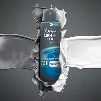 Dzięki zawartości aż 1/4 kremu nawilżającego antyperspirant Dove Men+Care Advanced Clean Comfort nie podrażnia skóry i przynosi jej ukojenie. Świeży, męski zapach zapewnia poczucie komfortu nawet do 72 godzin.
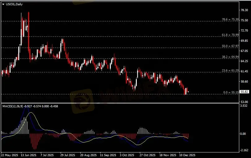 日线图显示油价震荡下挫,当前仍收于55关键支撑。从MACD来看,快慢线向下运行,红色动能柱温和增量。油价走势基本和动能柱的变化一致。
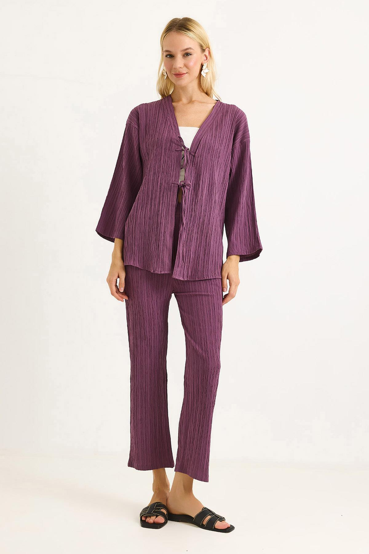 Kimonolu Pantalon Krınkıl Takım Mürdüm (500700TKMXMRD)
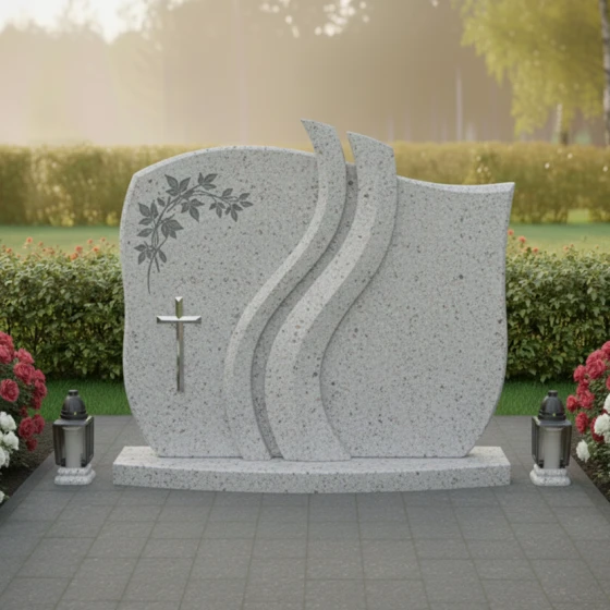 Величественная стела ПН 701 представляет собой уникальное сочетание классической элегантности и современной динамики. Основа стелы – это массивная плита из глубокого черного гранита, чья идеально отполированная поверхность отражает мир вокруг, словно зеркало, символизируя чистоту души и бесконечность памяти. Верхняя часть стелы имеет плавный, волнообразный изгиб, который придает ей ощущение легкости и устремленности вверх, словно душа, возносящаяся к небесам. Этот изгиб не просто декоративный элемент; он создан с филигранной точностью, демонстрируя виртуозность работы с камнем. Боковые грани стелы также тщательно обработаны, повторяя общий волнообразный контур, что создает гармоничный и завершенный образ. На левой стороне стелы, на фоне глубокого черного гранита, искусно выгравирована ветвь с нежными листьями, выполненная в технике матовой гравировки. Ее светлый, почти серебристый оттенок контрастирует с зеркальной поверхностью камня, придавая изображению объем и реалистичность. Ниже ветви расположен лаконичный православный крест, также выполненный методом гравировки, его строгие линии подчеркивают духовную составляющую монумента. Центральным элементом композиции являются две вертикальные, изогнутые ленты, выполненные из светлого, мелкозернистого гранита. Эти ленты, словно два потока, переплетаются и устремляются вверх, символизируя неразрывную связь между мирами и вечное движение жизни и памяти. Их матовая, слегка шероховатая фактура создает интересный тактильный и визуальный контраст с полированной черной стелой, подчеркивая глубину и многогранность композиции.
▬▬▬
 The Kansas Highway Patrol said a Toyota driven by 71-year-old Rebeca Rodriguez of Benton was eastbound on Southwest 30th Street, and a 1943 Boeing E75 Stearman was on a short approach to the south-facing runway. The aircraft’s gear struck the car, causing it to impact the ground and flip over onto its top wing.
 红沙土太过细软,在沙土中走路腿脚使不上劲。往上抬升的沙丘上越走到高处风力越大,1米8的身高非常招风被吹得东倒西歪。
▬▬▬
= Assignment =
In the listing above, find the line with "Dzięki zawartości aż" and the line with "Kimonolu Pantalon Krınkıl". Copy exactly those lines and all between them, minus the images.

= Solved problem =
 Dzięki zawartości aż 1/4 kremu nawilżającego antyperspirant Dove Men+Care Advanced Clean Comfort nie podrażnia skóry i przynosi jej ukojenie. Świeży, męski zapach zapewnia poczucie komfortu nawet do 72 godzin.
 日线图显示油价震荡下挫,当前仍收于55关键支撑。从MACD来看,快慢线向下运行,红色动能柱温和增量。油价走势基本和动能柱的变化一致。
 Kimonolu Pantalon Krınkıl Takım Mürdüm (500700TKMXMRD)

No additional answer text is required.